Inspiration
About a year ago, I was playing an emoji movie-charades guessing game in a simple messaging format with my partner, and it clicked that this could become a real web game with a Wordle-style daily loop.
I prototyped it quickly in Lovable, didn’t like where it landed, and rebuilt it from scratch. That rebuild turned into a few weeks of vibecoding: it began with typing-only input and, through iteration, turned into current word cloud mechanic.
Why this hackathon
After sharing that early build with a small group of friends, I left it in “unfinished but playable” limbo and moved on. At the time I was working as a senior motion designer, and since then I’ve shifted into a primary project manager role (with creatives/ads as a secondary track: team lead/producer).
When I saw the Reddit Daily Games hackathon announcement, I immediately thought this old unpolished game was a perfect match. It also felt like a good way to compare my growth over the last year in both product design, UI, prompting and development knowledge overall.
What I built (Kinoticon)
Kinoticon is a daily movie guessing game built for Reddit with Devvit.

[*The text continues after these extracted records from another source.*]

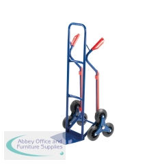 GPC Stairclimber Sack Truck with Skids GI370Y. Specially designed 150mm wheels on a 3 star system for use on stairs. Knuckle guard hand grips. Plastic coated skids. Maximum weight capacity of 60kg on stairs and 150kg on level ground.
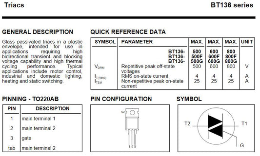 Tiristor TRIAC BTA136-600E | 600V / 4A | TO-220 | CE-TIR-02
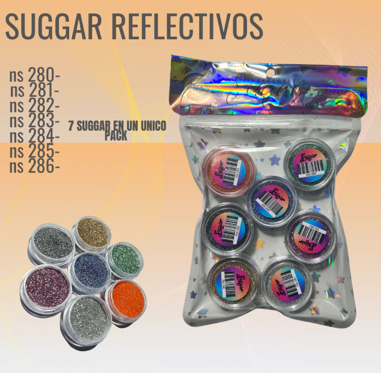 Dale un toque de brillo único a tus uñas con este set de Sugar. Ideal para decoración profesional o amateur, puedes aplicarlo fácilmente sobre el esmalte sin necesidad de top coat para un efecto intenso y llamativo.

- Players get 6 emojis that hint at the movie’s plot.
- They pick words from a word cloud (real title words mixed with decoys).
- They have 6 tries to find enough correct words and reveal the title.
- Each day is a new puzzle (UTC), with stats, streaks, a leaderboard, and shareable results.
How I built it
The first version was driven mostly by Claude Sonnet, then I switched to Composer for more repetitive tasks and cleanup. The UI started close to my original unreleased interface, but I wanted Kinoticon to have its own identity, so I explored a Win95-inspired retro theme.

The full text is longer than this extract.